In this exercise, write out the data word for word and leave every image out.

- INPUT DATA:
----------

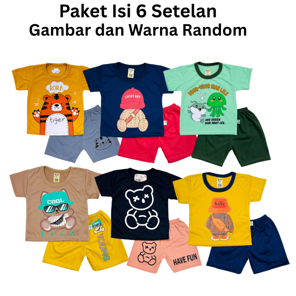6 PCS Setelan Anak Laki Laki Usia 0-2 Tahun SNI Setelan Oblong Baju Baby Gracia
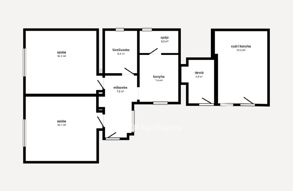 A lakóterület 75 nm, melyben 2 szoba, konyha és fürdő+wc -egyben lett kialakítva.
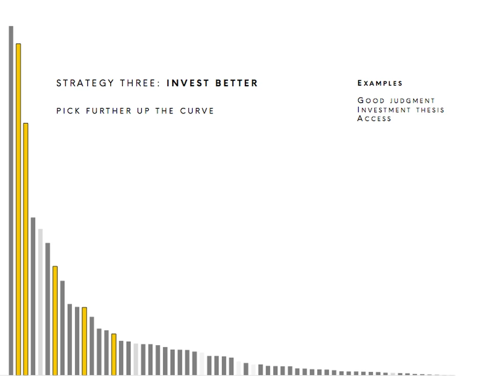 My view is that there are only three truly distinct venture fund strategies, and all of them boil down to one point: Can you change the distribution of the companies in which you invest? Among the many approaches in venture capital, there are fundamentally only three ways to do this. The best funds pursue all of them.

----------

- YOUR RESPONSE:
6 PCS Setelan Anak Laki Laki Usia 0-2 Tahun SNI Setelan Oblong Baju Baby Gracia
 A lakóterület 75 nm, melyben 2 szoba, konyha és fürdő+wc -egyben lett kialakítva.
 My view is that there are only three truly distinct venture fund strategies, and all of them boil down to one point: Can you change the distribution of the companies in which you invest? Among the many approaches in venture capital, there are fundamentally only three ways to do this. The best funds pursue all of them.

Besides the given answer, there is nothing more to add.